Participants who volunteered were invited to make the test in a group session specially organised for this purpose on September 9, 2014. Twenty-nine students attended this session and delivered filled-in test forms. Individual appointments were made with 13 additional participants who were unable to attend this session. On October 14, 2014, data collection was completed. Students could take at maximum 2 hours to make the KR test; all participants managed to finish well within this time window. The four KR test versions were alternately distributed over participants in order of appearance, to ensure that we would end up with approximately the same number of completed test forms of each version. At the beginning of the session, students signed an informed consent form. By signing this form, they allowed the researchers to procure the corresponding examination results from the unit coordinators of the two units. Without these data, no longitudinal comparison would be possible. It was also pointed out to the students that the faculty would not be informed about their results on the KR test. After they completed and handed in the test form, they received a gift voucher worth €15 which they could spend in local shops. Finally, at the time the data were analysed and the results were available, all participants who indicated on the consent form they wanted to be informed about their results were sent an email with their results and the average scores of the whole group. All participants were informed that the KR test was voluntary and that scores obtained would not in any way have an influence on study results.

Analysis

The answers to all questions were assessed in accordance with the assessment methods of the original unit examinations. All open-ended questions were checked using model answers by two of the authors independently (MMW and EJFMC). Discordance in judgement was resolved by consensus discussion. In a few cases, the unit coordinator was consulted on the assignment of points to a specific open-ended question. All correct answers to MCQs were awarded 1 point; fill-in-the-blanks questions were awarded 1 point for each correct (sub-)answer and the same holds for open-ended questions, though sometimes fractions of full points were awarded. Some of the open-ended questions were scored like a spelling test, with points being detracted from a maximum obtainable score (awarded for a complete model answer) that were missing in the student’s answer. Consequently, partly correct answers to open-ended questions could be awarded 0 points in case of too many omissions. For reasons of clarity and comparability between test versions, the total number of points obtained was expressed on a 0–100 percentage scale, i.e. a 100% score means the maximum number of obtainable points or 100% correct answers.

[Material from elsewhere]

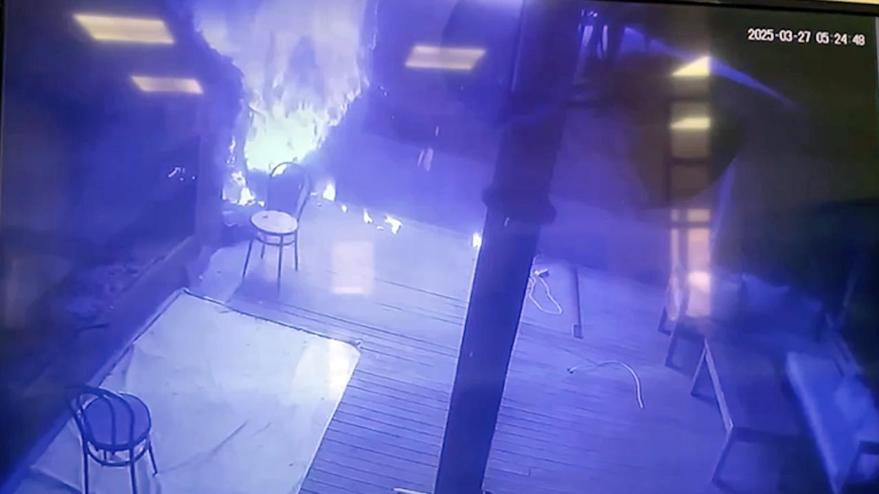 Kamera kayıtlarında, bir süre sonra bu kişilerin kafeterya bölümünden ayrıldığı, saat 05.22’de şöminenin yan tarafında bulunan süs çiçeğinin tutuşmasıyla alevlerin başladığı yer alıyor.

For every participant, a “virtual” unit examination test score was calculated by adding the points obtained on the two halves of the original unit test that corresponded with the two halves of the KR test (i.e. AC, AD, BC, or BD). Thus, the unit test scores were treated as if students had made the AC, AD, BC or BD test versions 8–10 months before even though they were never administered as such to the students (but they had seen each question at either the Healthy & Diseased Cells or the Metabolism examination). In the remainder of this article, we will refer to this “virtual” unit examination by ‘unit test’.

To enable comparison, the scores of these unit tests were also expressed as percentage of the maximum number of points that could be obtained. Longitudinal comparisons of the average scores for the unit test and the corresponding KR test (AC, AD, BC, or BD) were performed, for the test as a whole, as well as for two different subparts (MCQs versus FIB/EM and open-ended questions; and questions from Healthy & Diseased Cells versus Metabolism). Because of the small number of FIB/EM and open-ended questions, we only contrasted MCQs with other questions, i.e., non-MCQs. As our aim was to measure the extent of knowledge loss over the retention interval, Cohen’s d as measure of effect size and the reliability interval of our measurements were our primary dependent measures. We also investigated whether knowledge retention was related to achievement on the unit examinations (i.e. whether “better” students remembered more).

Results

Forty-two students volunteered to participate in this study and completed the KR test. Four students failed the first Healthy & Diseased Cells examination but successfully took the retest. The results of these four students were removed from final analysis, because they had restudied the material within the retention interval for a regular retest. Including their results would have inflated retention scores. The results of one other student were excluded because this participant had not taken the initial examination of Healthy & Diseased Cells. None of the participating students failed the Metabolism examination on the first occasion. All together, we included 10, 8, 8, and 11 completed forms of the AC, AD, BC, and BD test versions, respectively, in the analysis. Table 1 summarizes our results.

Table 1 Mean scores and effect sizes of the unit examinations and knowledge retention test with and without correction for guessing

Results of the Complete KR Test

The average score on the unit examination was 75% (±8.2%) of the maximum obtainable points, against 42% (±8.8%) on the KR test (effect size Cohen’s d = 3.9).Footnote 1 This difference is large enough to render a test for statistical significance superfluous, i.e. there is hardly any overlap between the two distributions. On average, students’ scores decreased by 33% (percentage points) from the unit test to the KR test. Further analyses revealed a correlation of r = 0.57 between students’ scores on the unit test and the KR test, and a correlation of r = 0.40 between students’ scores on the unit test and knowledge loss (expressed as decrease in percentage points). This latter correlation means that students who scored high on the unit test lost more knowledge in absolute terms than students who scored low on the initial test. The correlation between students’ scores on the unit test and their proportional knowledge retention was 0.04, i.e. the scores on the unit test did not predict at all what proportion of their knowledge students retained at the KR test. For example, a 50% proportional knowledge loss means a greater loss of knowledge in absolute terms for someone with a high score for the unit test compared to a student that scored low on the unit test.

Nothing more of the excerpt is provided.